С первым он, отложив уборку, скоро управился; покурил, поглядел, как нерешительно, будто обескураженно даже все та же парочка молчком ныряла по очереди в него, скворечник, со случившимся осваиваясь, — ведь разорено же все, к чему привыкли, прахом пошло, можно сказать… Ничего, натаскаете, вам делов-то. У вас-то и нету другого дела, кроме этого. Но тут налетел откуда-то чужак — и прямо на крышу, самочку отпугнув, бойкий как на пружинках: огляделся, чирикнул крикливо, задиристо, капнул и сунулся было внутрь. А ему чуть не на хвост — хозяин; и свалились кубарем все трое, чиликая отчаянно и дерясь, в старый выродившийся куст сирени, — тоже взяться бы, повырубить сухостой.
Набрал кое-каких дощечек из старого дровья и решил простенький сделать — односкатный, колодцем. Стороны дощечек, которые вовнутрь пойдут, рубанком ни в коем случае не скоблить; мало того, надо так их подобрать, чтобы остьё на них, какое от распиловки бревна на доски остается, вверх глядело — птенцам так легче выбираться будет, цепляться, когда вырастут, на крыло становиться начнут. Ну, и размеры — не мал чтобы и не слишком велик, по птице, в меру… знать бы точно ее, меру, человеческую особенно, свою, да по ней бы жить. А не знаем, не умеем. Не дается мера нам, в такое бездорожье сдуру занесет, в темь — ног не вытащить, не то что завтрашнего — нынешнего не разглядеть. И дурь эта наша, видать, только с кровью выходит, с большой…
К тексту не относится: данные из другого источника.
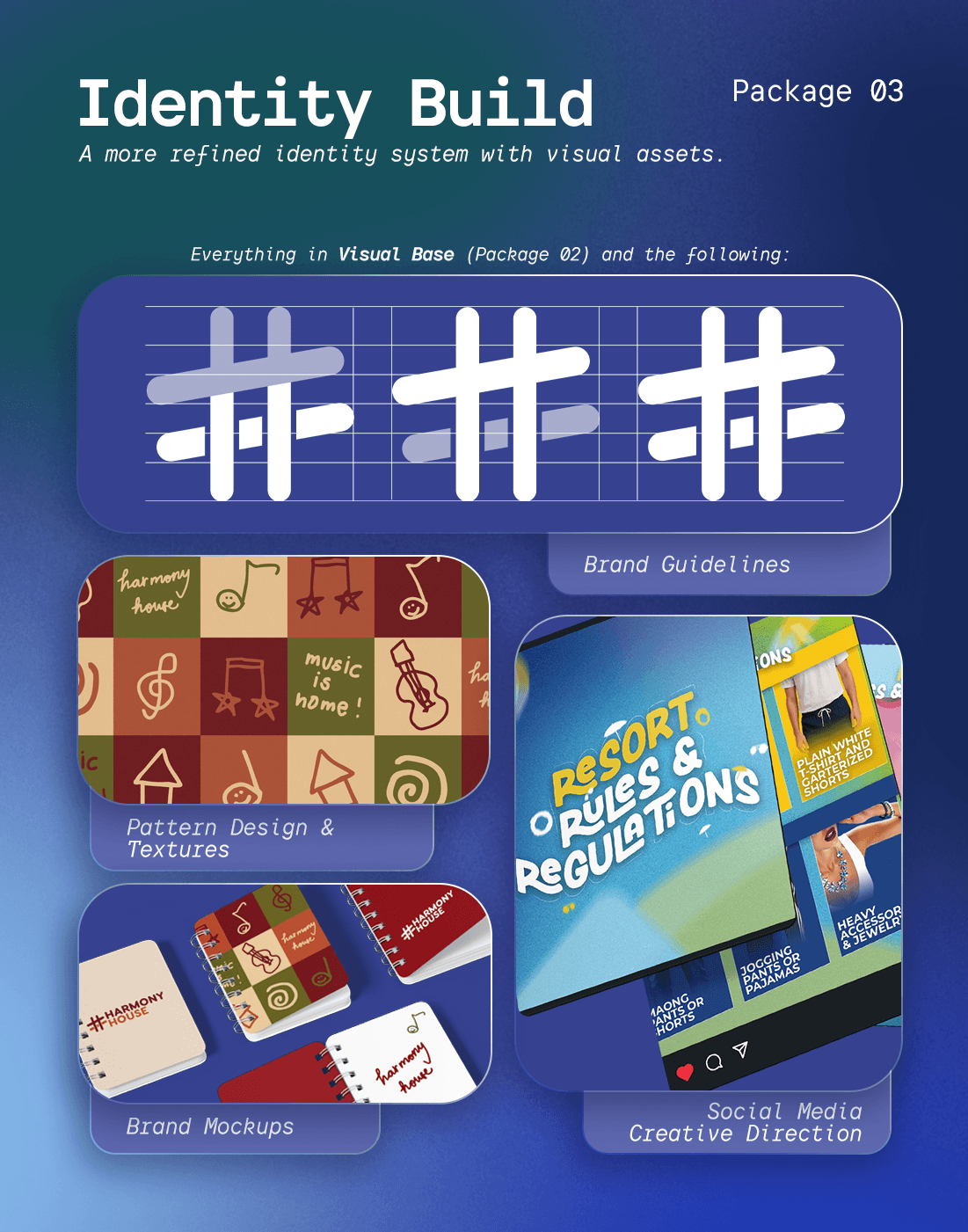 These are the design packages I offer, thoughtfully crafted to suit a variety of brand needs. Feel free to choose the one that best aligns with your vision. For pricing details and further inquiries, please visit the contact page. Thank you!

Строгал в сарае, наружную дверь открыв для свету, было здесь устроено отцом что-то вроде верстака: широкая доска на расшатанных козлах, к ней прикручены поразбитые, с выщербленными «губками» тисы, служившие и наковаленкой тоже, уголком вырезанная плашка прибита, это для упора досок, когда строгаешь, — вот и вся мастерская, в какой правилась утварь их всякая с инвентарем, все мастерилось, от зыбки до гроба. Всегда больше с деревом дело иметь любил, чем с железками, — теплей оно, живее, рукам сроднее, что ли; да и вообще, не получалось что-то из него путного пролетария, как ни загоняло в техникум тот же, в цеха разные, к станкам-агрегатам. Все на волю тянуло, он и женился-то на этой самой воле, на свойской, на сельской… нет разве? Отчасти и так, может. Все казалось, будто лучшее время свое взаперти он проводит, теряет едва ль не попусту, и без него день Божий где-то за стенами начинается, распогоживается, солнце вскатывается, смелеющим теплом охватывая все, а то, может, гроза предвечерняя содрогает небеса и воды, полоскает шумящие умоляюще, врасплох застигнутые кусты, — да мало ль творится что за день на воле, за стенами цеха, не наглядеться иной раз; но даже и краем глаза если или, за делом, вовсе вроде не глядя — все это с тобой все равно, не мимо тебя, когда на воле. Мужик земляной — ты и есть мужик, видно, и нечего было зариться на чужое, одежки и судьбу чужую на себя примерять, незнаемую. Отняла вот все и выкинула, назад отправила — и может, правильно сделала.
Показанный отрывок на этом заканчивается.